Some observers might wonder why the company's auditors, Grant Thornton, didn't detect the alleged fraud, or blame them for not doing so. That's a difficult case to make. A traditional financial statement audit is designed to do two specific things: determine if the accounting rules have been properly applied to the company's financial statements, and run a basic check of the math. Those audits are not designed to detect fraud -- and therefore they almost never do detect it.

I'd say that the responsibility in this case lies with Koss's executives and board of directors. They should have been more carefully monitoring the finances and should have detected the unusual variances in their company's numbers. And they should have had controls in place to detect the type of wire transfers Sachdeva was allegedly making -- from a company bank account to a personal credit card account.

There should also be a mechanism in place for employees to report wrongdoing to the board of directors. The criminal complaint states that Sachdeva's assistant made the wire transfers to American Express. It is unclear whether that employee was actively involved in the alleged fraud, or whether she was an unwitting participant. Either way, the fact that at least one other Koss employee was involved, according to the complaint, means that management had an opportunity to discover the fraud much earlier, and might have if additional controls had been in place.

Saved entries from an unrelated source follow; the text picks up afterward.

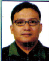
अमनसिद्धी मानन्धर नाति
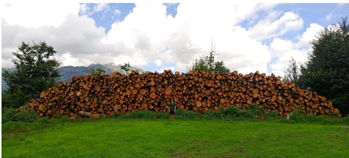
Lotto 2– Castagno da tannino
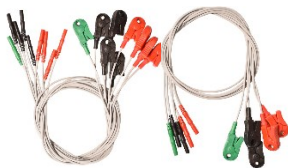
Elektrodenleitungen 61cm mit 5 oder 9 Clips Artikel-Nr. ELDSC-5 /ELDSC-9
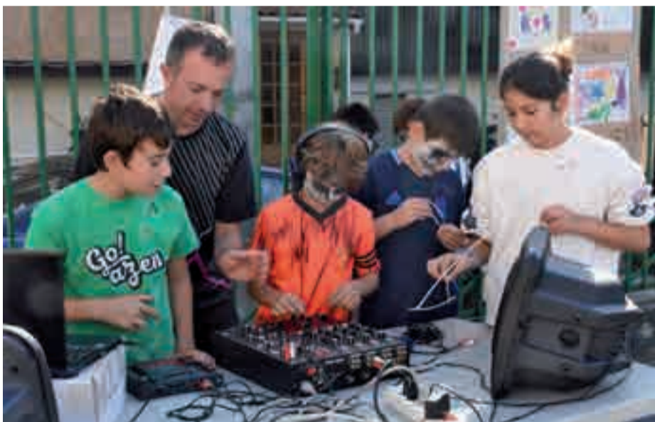
DJ tailerra egin zuten Egape ikastolako jolastokian.
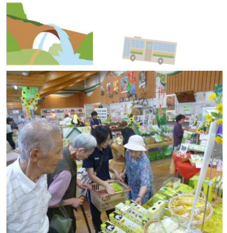
▲物産館にて品定め(*^_^*)

ポリウム満点の食事を堪能した後はいよいよ、国指定の重要文化財である通潤橋を見学！ 空中に巨大な弧を描き、石の組み合わせのなす造形美にみなさん目を奪われていました。通潤橋見学後は、道の駅の物産館で思い思いにお土産を購入し、楽しいひと時を過ごされていました。
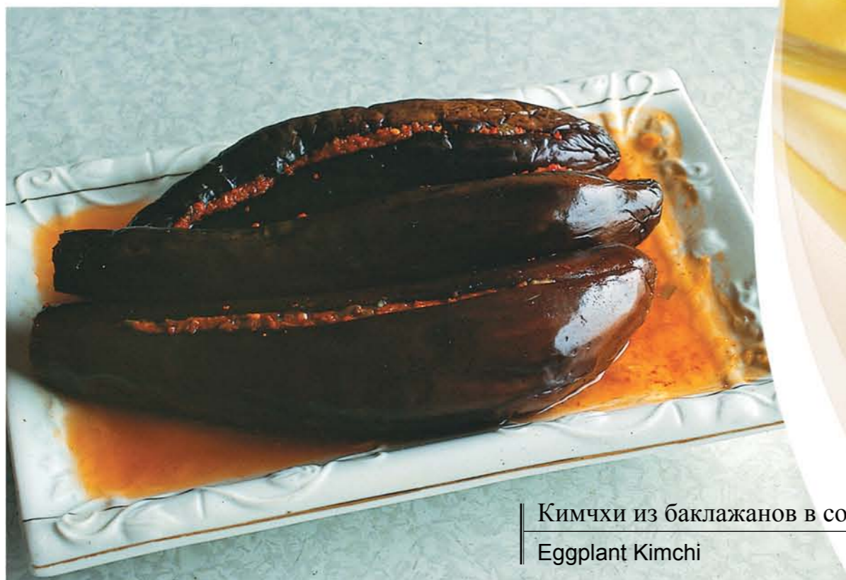
Кимчи из баклажанов в соевом соусе Eggplant Kimchi
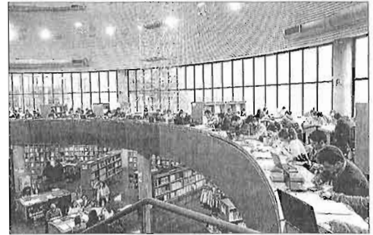
Estudiantes en la Biblioteca General de la UMA. ARCINIEGA

Galván afirmó que en la Universidad de Alcalá de Henares do-
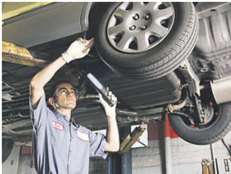
La pressió de les rodes depèn de cada fabricant

més si es realitzen desplaçaments curts, que no si es fan distàncies llargues per carretera. Tenir-ne cura és importantíssim, ja que si l'oli no està en bon estat, pot causar un desgast prematur del vehicle. En aquest sentit, els símptomes serien un consum més elevat de l'oli. En cap cas s'haurien de superar els 30.000 km amb el mateix oli.
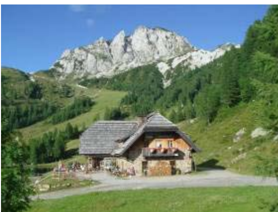
Watschigeralm mit Gartnerkofel im Hintergrund

Kosten: EUR 580,- im DZ bzw. 710,- im DZ mit Besuch in Carnia/Italien, Einzelzimmerzuschlag: auf Anfrage
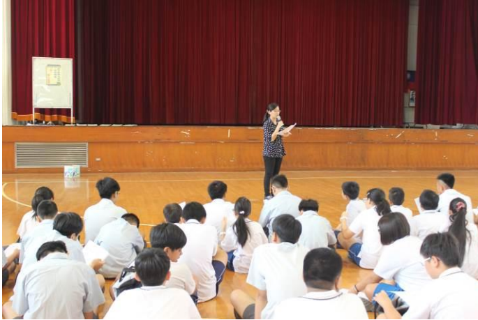
衛生、環保幹部訓練情形

主題： 衛生、環保學生幹部訓練 教育宣導 時間： 105年8月29日 地點： 活動中心5樓
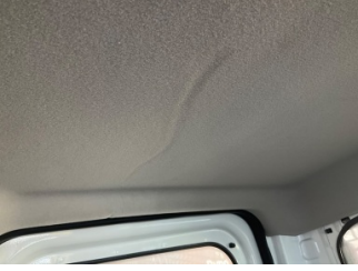
Döşemeler/Kapaklar, Tavan döşemesi > Deforme Olmuş
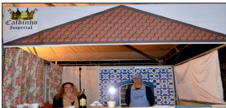
Caldinho Imperial: Tenda especialmente criada para o Festival. Serviu deliciosos caldos, tendo como principal o Thy com Toque de Minas, que virou uma das sensações do evento.
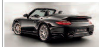
Porsche 911 Turbo S Cabriolet
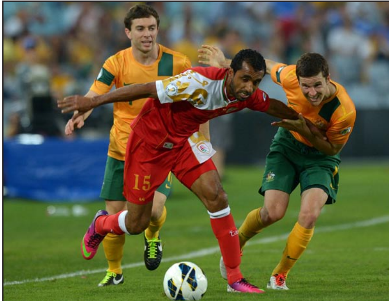
لقاء أستراليا و عُمان صعب مهمة الأسود

المرشحين للفوز بالبطاقتين المخصصتين لهذه المجموعة ومنتخب عُمان الذي يعد منافسا حقيقياً لمنتخبنا ومنتخب النشامى على البطاقة الثالثة التي ستمنح الفائز بها فرصة اللعب في الملحق الآسيوي والملحق الأمريكي الجنوبي، ولذلك اعتقد ان فرصة منتخبنا للتأهل قد اصبحت اقوى من السابق بالرغم من فوز المنتخب الأردني
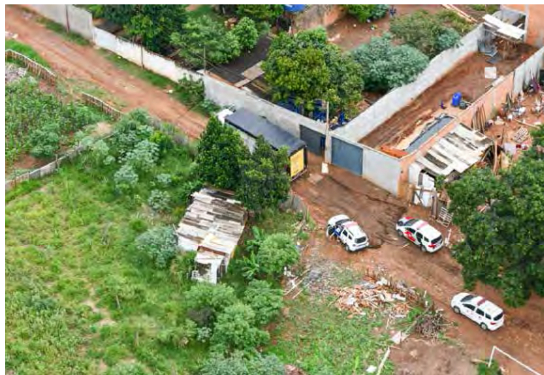
Veículo e carga foram recuperados. Três criminosos foram presos

Às 11 horas o sinal de satélite retornou, indicando que o bem estaria no bairro Santa Rosa, razão pela qual as equipes policiais de solo deslocaram-se ao endereço, bem como o Águia 20 e, de pronto, foram vistos
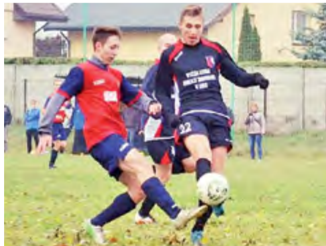
Walcząca drużyna Iskry Głowno (czerwone koszulki) jest w tym sezonie wysoko notowana i ma szanse nawet na awans do A-klassy.

Powodów do zadowolenia nie miały inne zespoły z naszego regionu. Sokół Popów uległ na własnym boisku Victorii Rąbień 2:4, Powstaniec niespodziewanie przegrał u siebie z Hetmanem Łódź 0:1, a Struga Dobieszaków mimo ambitnej walki nie zdołała powstrzymać niepokona-
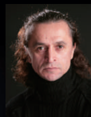
ファルフ・ルジマトフ Farukh Ruzimatov

桶狭間の戦い、比叡山の焼き討ち、本能寺の変、そして終景へ。400年以上前のSAMURAIたちの生き様が、緊迫感あふれる舞台となる。
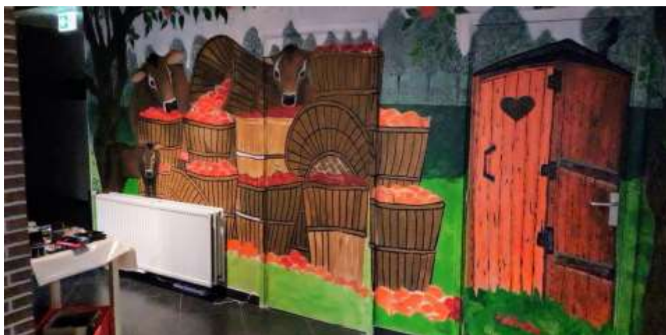
De muurschildering in de ontmoetingsruimte van het dorpshuis vordert gestaag.

Precies HONDERD JAAR geleden telde ons land 7,2 MILJOEN inwoners (nu bijna 18 MILJOEN ). Het gemiddelde maandinkomen bedroeg € 86,67 . De populairste meisjesnamen waren niet Julia, Olivia en Mila, maar Maria, Johanna en Anna. En voor jongens niet Noah, Luca en Lucas, maar Johannes, Jan en Cornelis. Ons land was echt een stuk armer dan tegenwoordig en de crisistijd moest nog beginnen. Ofschoon de lonen laag waren, kon je voor € 1 (alles van gulden omgerekend) het volgende kopen: 1 kg aardappelen, 1 brood, 10 eieren, 1 liter melk, 1 kg suiker en een pakje thee. Nu betaalt u daar minstens € 9,50 voor dus TIEN KEER zoveel. De meeste mensen gingen in 1924 trouw naar de kerk. Slechts 8 PROCENT noemde zich onkerkelijk. Nu is dat 57 PROCENT . Er waren circa 30.000 Personenauto's (nu richting 10 miljoen), maar we hadden een eeuw geleden wel meer spoorlijnen. Rond deze tijd in 1924 werden zanger Jules de Corte, acteur Marlon Brando en actrice en zangeres Doris Day geboren.

It will be interesting to see what Koss says about the way this alleged embezzlement was carried out and concealed. This case should be a wake-up call for all companies: Do not let your top finance executives operate in a vacuum. Other executives need to be actively involved in the finance function so that thefts don't go unnoticed for years.

The prosecution and defense of this case will be interesting as well. Sachdeva has been charged with only wire fraud for now, but I wouldn't be surprised if additional charges are added by the Feds. (View the criminal complaint here.)

It's unclear whether Sachdeva has any assets that could be used for restitution, but Koss might be able to recover at least some money by returning the unused clothing to the boutiques. Sachdeva's attorney declined to comment on the matter or the issue of restitution, saying it was too early in the prosecution for him to say anything.

Tracy L. Coenen, CPA, MBA, CFE is a fraud examiner and forensic accountant who investigates corporate fraud and consumers scams, and is the author of Essentials of Corporate Fraud and Expert Fraud Investigation: A Step-by-Step Guide.